Here is my code. I have changed all the Project Properties to be the same as in your scatter example. At this point I can't really think of a simpler example. This just crashes when it calls the kernel. It runs fine if BRT_RUNTIME (which I had to create, it's not created automatically) is set to "cpu" but not when it is set to "cal".

#include < stdio.h >
#include < stdlib.h >

#define size1 2*2*2
#define size2 2*2

kernel void foo(float4 a[], float4 b[], out float4 c[])
{
float idx = indexof(c);
c[idx] = a[idx]+b[idx];
}

int main()
{
int j=0;
float num;
float4 b < size1 > ;
float4 c < size1 > ;
float4 a < size1 > ;
float4 g[size1];
float4 h[size1];

for (j=0;j < size1;j=j+1)
{
g.x= (float)j;
g.y= (float)j;
g.z= (float)j;
g.w= (float)j;
h.x=(float)j;
h.y=(float)j;
h.z=(float)j;
h.w=(float)j;
}

streamRead(b, g);
streamRead(a, h);
foo(a, b, c);
scanf_s("%f", &num);
streamWrite(c, g);
}

What would be the reasons it would run in cpu but not in cal? Also, I'm currently using 2900xt, don't think that should matter though, since it's R600.
0 Likes

This works fine on my system (and produces the correct result).
Can you run any Brook programs on your system at all?

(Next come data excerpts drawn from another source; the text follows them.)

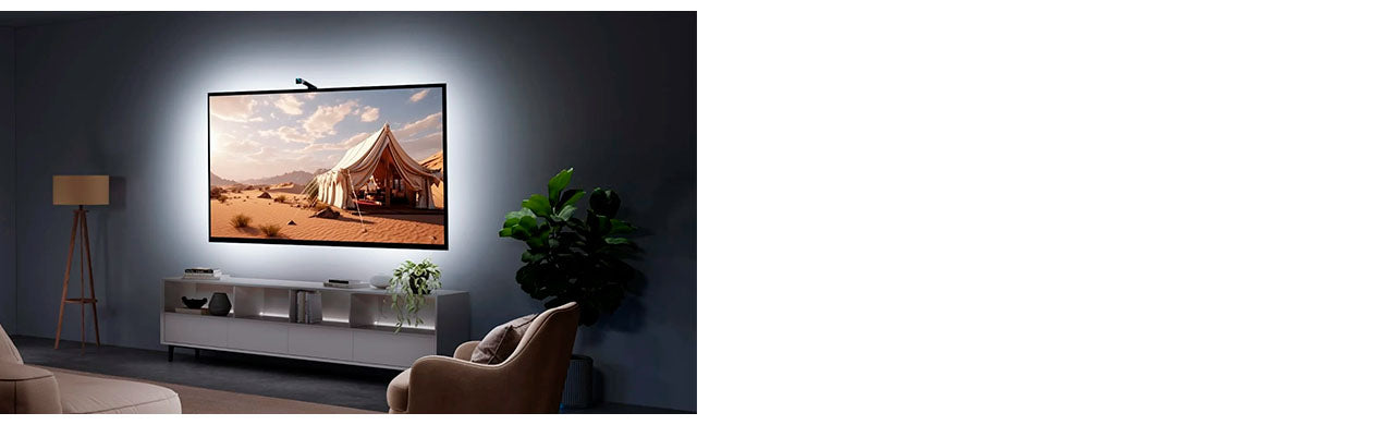 Disfruta de imágenes envolventes con Govee TV Backlight 3 Lite. Este conjunto incluye corrección de ojo de pez, tecnología RGBICW, adaptabilidad a televisores ultradelgados y mucho más.
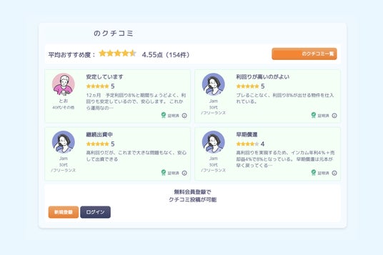 ファンドの詳細ページでは、クチコミを確認することができ、投資家がより安心して投資を行える環境を提供しています。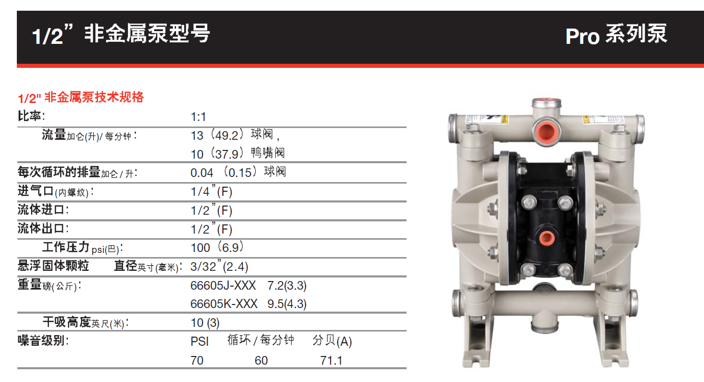 • ARO(英格索蘭)1/2寸非金屬氣動泵66605J-3EB-C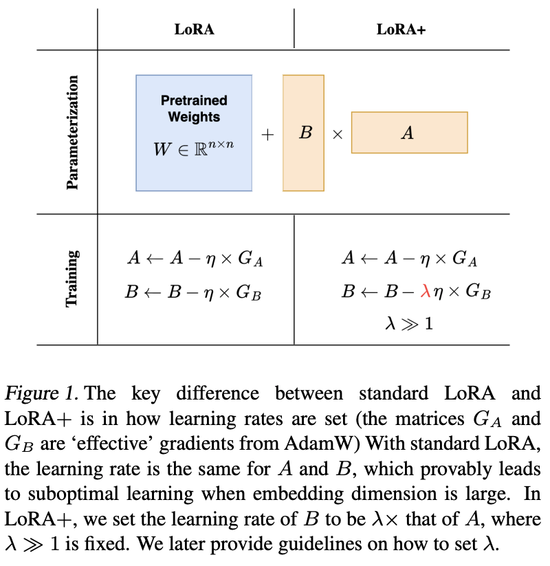 arXiv.orgLoRA+: Efficient Low Rank Adaptation of Large Models - アダプター行列AとBに、それぞれ異なる学習率を適用させて、収束速度と最終的な性能を改善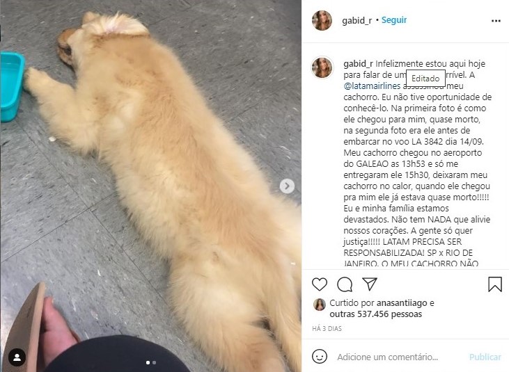 “A Latam Airlines assassinou o meu cachorro. Eu não tive oportunidade de conhecê-lo”, escreveu Rasseli, em uma publicação no Instagram que tem mais de 35 mil comentários. Ela completa que “na primeira foto, é como ele chegou para mim, quase morto. Na segunda foto, era ele antes de embarcar no voo LA 3842, dia 14”, conta, mostrando o animal desfalecido ao lado de uma vasilha com água.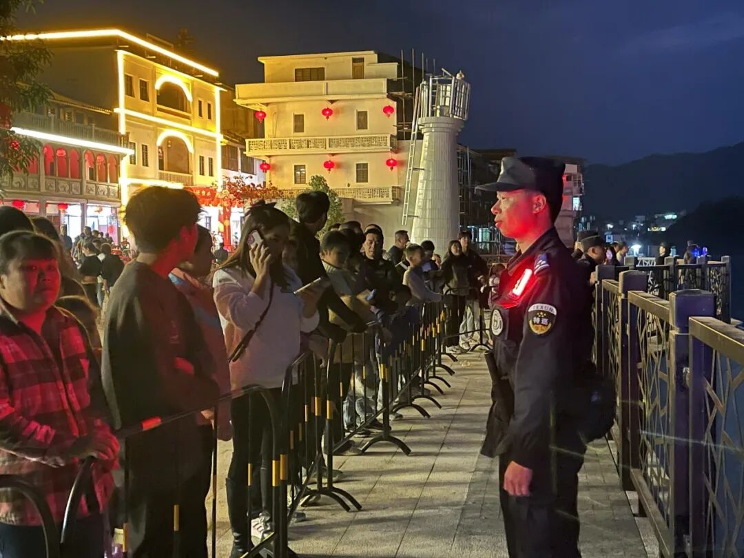 市、区公安机关高度重视此次活动安保工作,分局召开安保专题会议进行部署,市、区公安机关领导先后多次到实地勘踏,及时发现、消除安全隐患,对安保工作进行精细部署,完善工作方案和应急处突预案。 24日14时30分,执勤警力提前到达指定区域,对周边重点路段、主要路口实行临时交通管控,引导群众车辆有序停放,对人流、车流进行疏导,并根据现场情况实时调配警力部署,严防拥挤、踩踏事故发生。 在活动现场及其周边重点区域,严格落实隐患排查、人员疏导引导工作,通过警种协调联动,镇、村(居)干部、志愿者配合,切实保障活动及其周边的各项安全。 24日21时,活动顺利圆满结束。整个安保活动,全体民辅警以最高的标准、最严的举措、最实的举措,不辞辛苦,默默坚守,全力护航活动安全,让群众度过了一个欢庆之夜、难忘之夜。

Feel free to send you project file to streamdeveloper@amd.com.
I will build and run it on my system, then at least we know
if it's something in the project or your system.

Thanks,

-- marcr
0 Likes

marcr,

Yes, I only have problems when using scatter.

I have emailed my project file and code. I'm sure there is something I am missing, I'm just not sure what.

Thank you,

Ryan
0 Likes

Hi Ryan,

I just saw in a separate topic that you are using an R600 card.

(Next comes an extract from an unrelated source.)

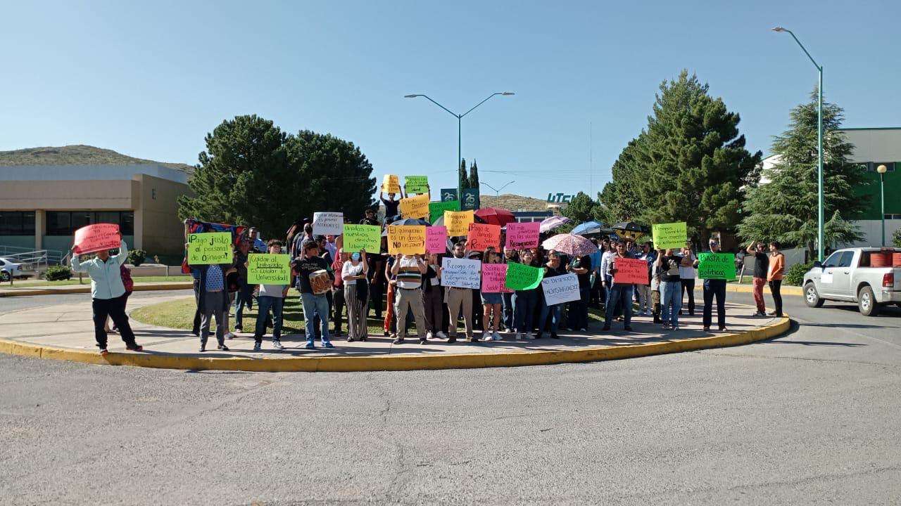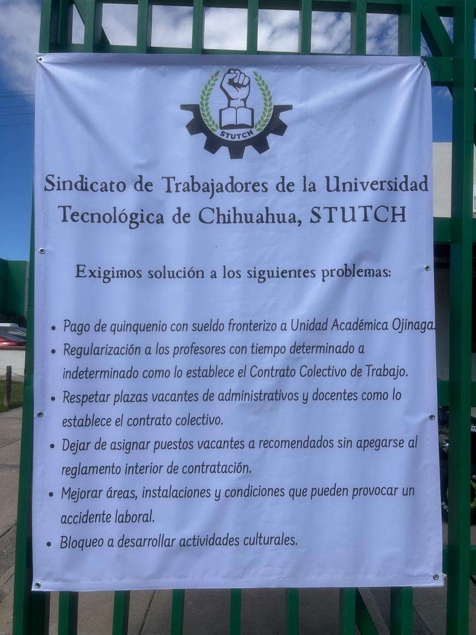 Chihuahua.- El Sindicato de Trabajadores de la Universidad Tecnológica de Chihuahua (STUTCH) se manifestó para exigir a la administración universitaria la solución inmediata a un pliego petitorio que incluye temas salariales, de contratación y condiciones laborales.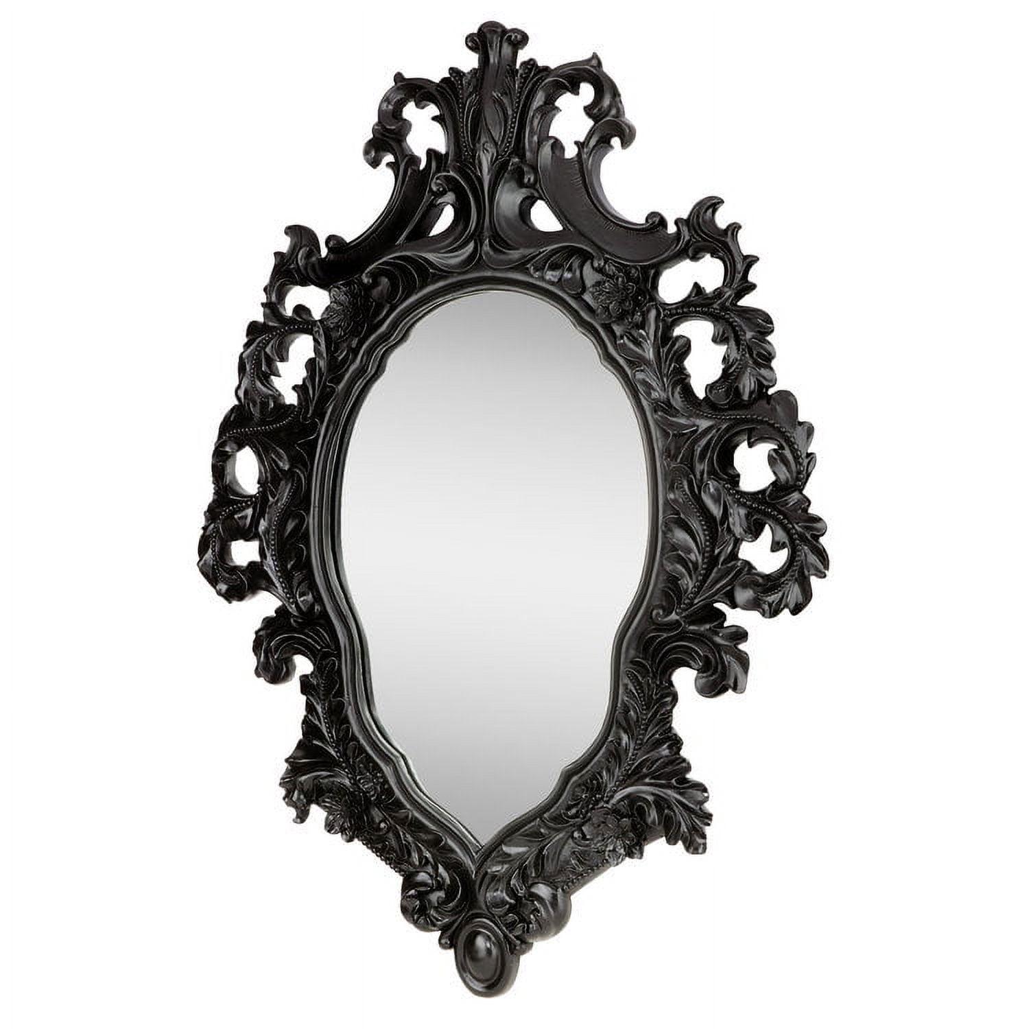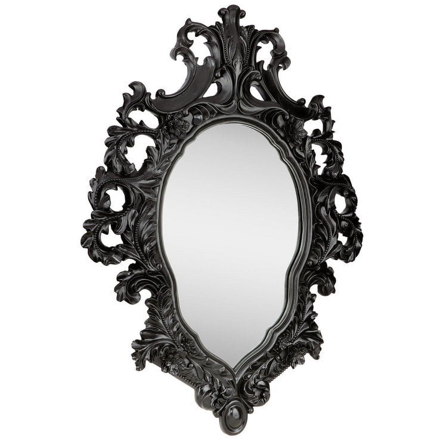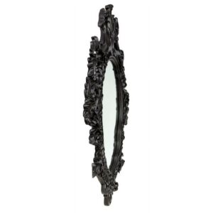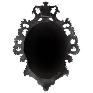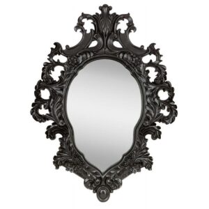 – This generously sized salon mirror sparkles to reflect its own ornate, beribboned sculpt! A garland of roses graces our replica 17th century antique, inspired by French Rococo styling found in the grand salons of Paris. Cast in quality designer resin and hand painted in a satin ebony finish, this Basil Street Gallery exclusive is striking as a centerpiece above a mantel or as the signature of a stylish entryway. 28″Wx2.5″Dx36.5″H. 20 lbs.

You need an RV670 card (Radeon HD 3870 or FireStream 9170) to use scatter or DPFP. Those features were introduced in that GPU.

This might be what is causing your problem.

Michael.
0 Likes

Michael,

As I said in my email, I am using R600. I will go back and check the documentation/release notes again. I must have missed this.

EDIT: This is not in the relase notes. The release notes (Mar-8) specify:

Scatter
-------

Scatter to 1-dimensional targets is supported. The syntax is similar to gather
operations, in that the stream is bound using square brackets instead of angle
brackets and elements are accessed in an array-like fashion.

Double Precision
----------------

Double precision is supported on cards that have the necessary hardware
support. Brcc does not currently automatically promote or downcast between
float and double - the user must add explicit casts.

All floating-point literals are still single precision.


There is no mention of "necessary hardware support" under the "Scatter" section as there is in the "Double Precision" section. Can this be changed?

Thank you,

Ryan
0 Likes

Hi Ryan,

This should now be added to the release notes in the next release.

Sorry for the confusion!

Michael.
0 Likes